Maurizio Lombardi June 20, 2017, 11:38 a.m. UTC | #2
Dne 16.6.2017 v 18:08 Douglas Miller napsal(a):
> Just to respond to James' question on the cause. What I observed was a race condition between udevd (ses_init()) and a worker thread (do_scan_async()),
> where the worker thread is creating the directories that are the target of the symlinks being created by udevd.
> Something was happening when udevd caught up with the worker thread (so the target directory did not exist) and it seemed the worker thread either got preempted or
> else just could not stay ahead of udevd. This means that udevd started failing to create symlinks even though the worker thread eventually got them all created.
> I did observe what appeared to be preemption, as the creation of directories stopped until udevd finished failing all the (rest of the) symlinks.
> Although there may have been other explanations for what I saw.
> 

> I am able to pass my testing with this patch. I don't see an official submit of this patch, but will respond to it when I see one.

Thanks Douglas for testing it, I will resubmit the patch if no one has any objections.

Maurizio.
Douglas Miller June 26, 2017, 2:22 p.m. UTC | #3
On 06/20/2017 06:38 AM, Maurizio Lombardi wrote:
>
> Dne 16.6.2017 v 18:08 Douglas Miller napsal(a):
>> Just to respond to James' question on the cause.
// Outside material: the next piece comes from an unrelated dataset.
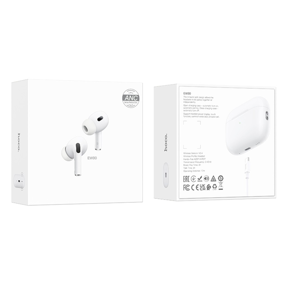 Технические характеристики Беспроводные TWS наушники HOCO EW90 (4 ч/300 mAh) белые

What I observed was a race condition between udevd (ses_init()) and a worker thread (do_scan_async()),
>> where the worker thread is creating the directories that are the target of the symlinks being created by udevd.
>> Something was happening when udevd caught up with the worker thread (so the target directory did not exist) and it seemed the worker thread either got preempted or
>> else just could not stay ahead of udevd. This means that udevd started failing to create symlinks even though the worker thread eventually got them all created.
>> I did observe what appeared to be preemption, as the creation of directories stopped until udevd finished failing all the (rest of the) symlinks.
>> Although there may have been other explanations for what I saw.
>>
>> I am able to pass my testing with this patch. I don't see an official submit of this patch, but will respond to it when I see one.
> Thanks Douglas for testing it, I will resubmit the patch if no one has any objections.
>
> Maurizio.
>
I did not see any additional comments, and no objections. Is it time to 
submit the new patch?

Thanks,
Doug
diff mbox

Patch

diff --git a/drivers/misc/enclosure.c b/drivers/misc/enclosure.c
index 65fed71..6ac07ea 100644
--- a/drivers/misc/enclosure.c
+++ b/drivers/misc/enclosure.c
@@ -375,6 +375,7 @@  int enclosure_add_device(struct enclosure_device 
*edev, int component,
                          struct device *dev)
  {
         struct enclosure_component *cdev;
+       int err;

         if (!edev || component >= edev->components)